Revision as of 14:27, 8 May 2010

Quotations

We tolerate the pathologies of quantification — a dry, abstract, mechanical type of knowledge — because the results are so powerful. Numbering things allows tests, comparisons, experiments. Numbers make problems less resonant emotionally but more tractable intellectually. In science, in business and in the more reasonable sectors of government, numbers have won fair and square.
--Gary Wolf

Writing in The data-driven life, New York Times, 26 April 2010

Submitted by Bill Peterson

Forsooth

Pitching is 80% of the game. The other half is hitting and fielding.
--former Yankee Mickey Rivers

Quoted in “Is Greinke the Unluckiest Pitcher Ever?” The Wall Street Journal, May 5, 2010
See other "Words of Wisdom" [1] from Mickey Rivers.
Submitted by Margaret Cibes

Fixing the census

The following article was suggested by Laura Chihara on the Isolated Statisticians list:

The census will be wrong. We could fix it.
by Jordan Ellenberg, Washington Post, 1 May 2010

Odds are, it’s wrong--Part II

An entry in Chance News 63 presented a Science News article by Tom Siegfried. The article, which focuses on statistics used in the medical field, may be found here and is worth some elaboration; be sure to read the comments reacting to what Siegfried writes. There you will find mention of circumcision, condoms, defense of statistics in medicine, praise for the author, condemnation of the author--and somehow, reference to Scott Reuben, who faked data for Pfizer and Merck (see Serious medical fraud in Chance News 45).

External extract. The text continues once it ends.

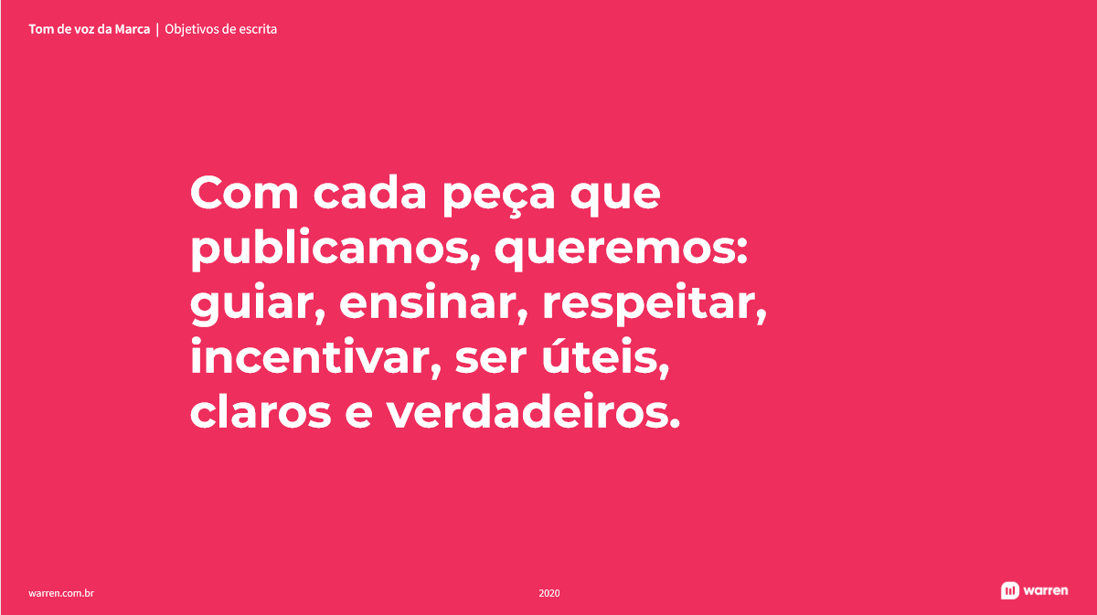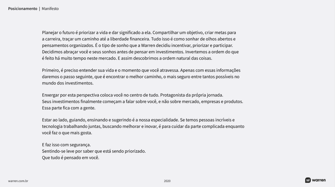 Esse foi o desafio que enfrentamos: orientar a marca Warren para acompanhar um novo momento organizacional. Sem perder sua essência.

Siegfried’s main contention is that despite its prevalence in the medical sphere (and dominance elsewhere as well), Fisher’s p-value approach is inadequate and misleading at best. Because of this “p-value mania,” Siegfried quotes two researchers who claim “that in modern [medical] research, false findings may be the majority or even the vast majority of published research claims,” and “There are more false claims made in the medical literature than anybody appreciates,” respectively.

Criticism of p-value is hardly new. Put “criticism of p-value” into a browser and you will get 4,520,000 hits, many of which are more informative than Siegfried’s article. Try The P-value, devalued from the International Journal of Epidemiology as an example.

Discussion

1. To see why critics of p-value say it is the wrong-way round, consider Prob ( brown eyes | Costa Rican) and Prob (Costa Rican | brown eyes). Compare with Prob (data | Null Hypothesis is true) and Prob (Null Hypothesis is true | data). For an interesting illustration of the difference between these conditional probabilities regarding the O.J. Simpson murder case see Steven Strogatz’s NYT article (25 April 2010).

2. Critics of p-value say that the above #1 is not strong enough of a criticism because p-value deals not with “data” that actually occurred but with “data at least this extreme.” Why is this a potent criticism?

3. Siegfried rightfully refers to “randomized, controlled clinical trials that test drugs for their ability to cure or their power to harm” as the “gold standard” for medical research. “Such trials assign patients at random to receive either the substance being tested or a placebo.” However, see Judson’s NYT article, Enhancing the Placebo (3 May 2010), which discusses how non-placebo a placebo can be. What does this do to clinical trials and the gold standard?

4. Siegfried suggests that Bayesian inference is preferable to the frequentist p-value approach of Fisher. If this is so, why is it that p-value approach is so dominant, long after Fisher himself died?